Trump’s campaign is funded by donors large and small, who are the ones that are actually paying these expenses at his properties. About 55% of his campaign’s recent funds came in contributions under $200.
Before 2015 , political spending at Trump-owned properties never exceeded $77,922 (2011-2012) in a single two-year election cycle:
Democrats spent a little over $1,000 at Trump properties during the 2016 cycle, and $9,943 during the one before that, but not a penny since:
The most recent reported expenditure at Trump’s DC hotel came on March 26, when Graves for Congress, the re-election committee for Rep. Tom Graves, a Georgia Republican with a soft spot for Trump, spent about $210 at the Trump International on “restaurant meals,” the committee’s latest FEC filings show. The Committee on Arrangements for the 2020 Republican National Convention spent $1,912.71 at the president’s private Palm Beach, Florida club Mar-a-Lago, according to a March 29 filing.

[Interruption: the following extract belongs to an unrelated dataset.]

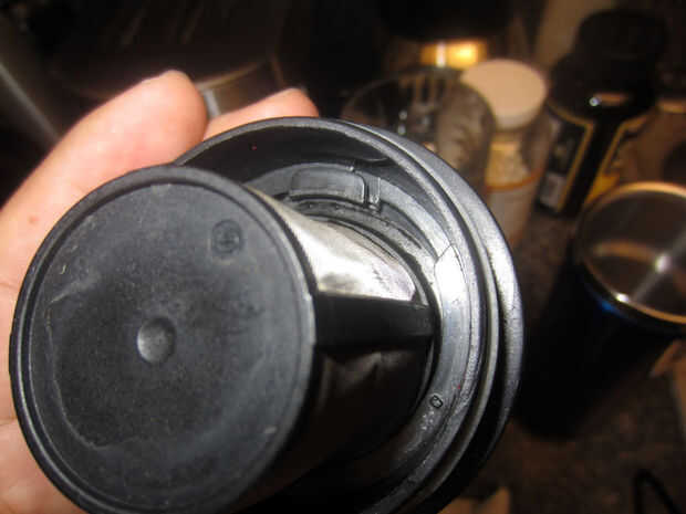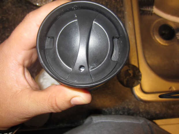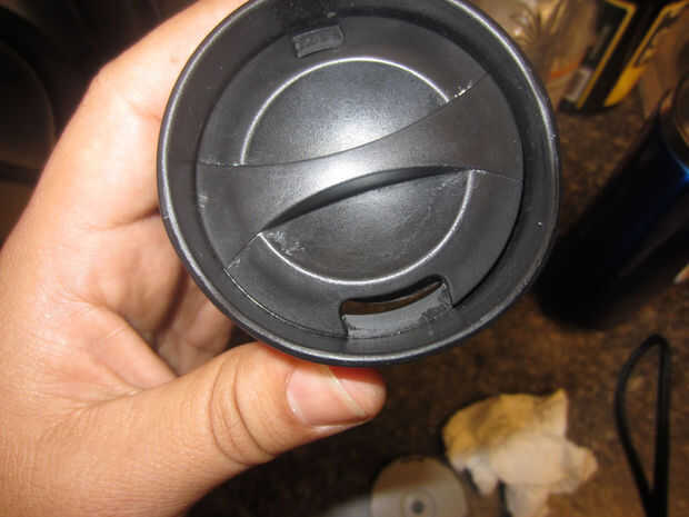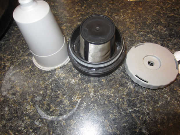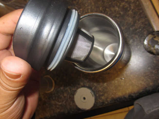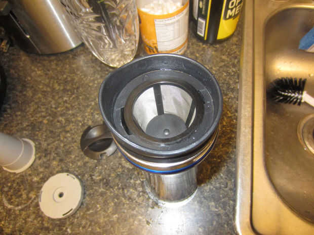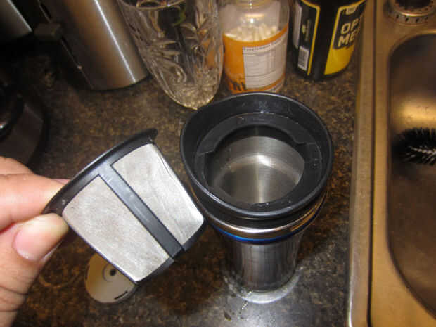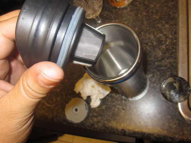 Ella tiene una taza de café que ella nunca se deja atrás... vi que el mismo filtro de café recargables de mi máquina de keurig que usé en el café filtrado paja también incorpora dentro de la taza de café... Así que pruebo equipado mi filtro de café interior y traté de trabajar de una manera que todavía mi café del filtro...

The first political group to spend money at the Trump International Hotel after Trump’s swearing-in was the Pete King for Congress committee, connected to the Republican congressman from the New York suburbs, with a meal for $118 dated Jan. 23, 2017. King, now an enthusiastic Trump supporter but once deemed him unfit for office, did not respond to a request for comment.
No law bars domestic political parties or individuals from spending at places owned by a sitting president’s commercial organization. There is debate about whether spending by foreign interests at Trump properties violates the emoluments clause of the US Constitution, a safeguard against federal officeholders accepting gifts from other governments and their leaders.
US presidents traditionally have tried avoid even the appearance of conflicts of interest while in office and have been expected to move at least a portion of their personal holdings into blind trusts. One example: After his election in 1976, Jimmy Carter sold his Georgia peanut farm over potential ethics concerns and insulated himself from any knowledge of the farm’s financial performance while president.
Trump has not set up a blind trust, nor has he sold any of his assets since becoming president. The Trump Organization profits every time someone books a room at his hotels or buys a bottle of Trump Ice, the president’s own brand of bottled water—on which the Donald J. Trump for President committee reported having spent about $2,500 during the last election cycle.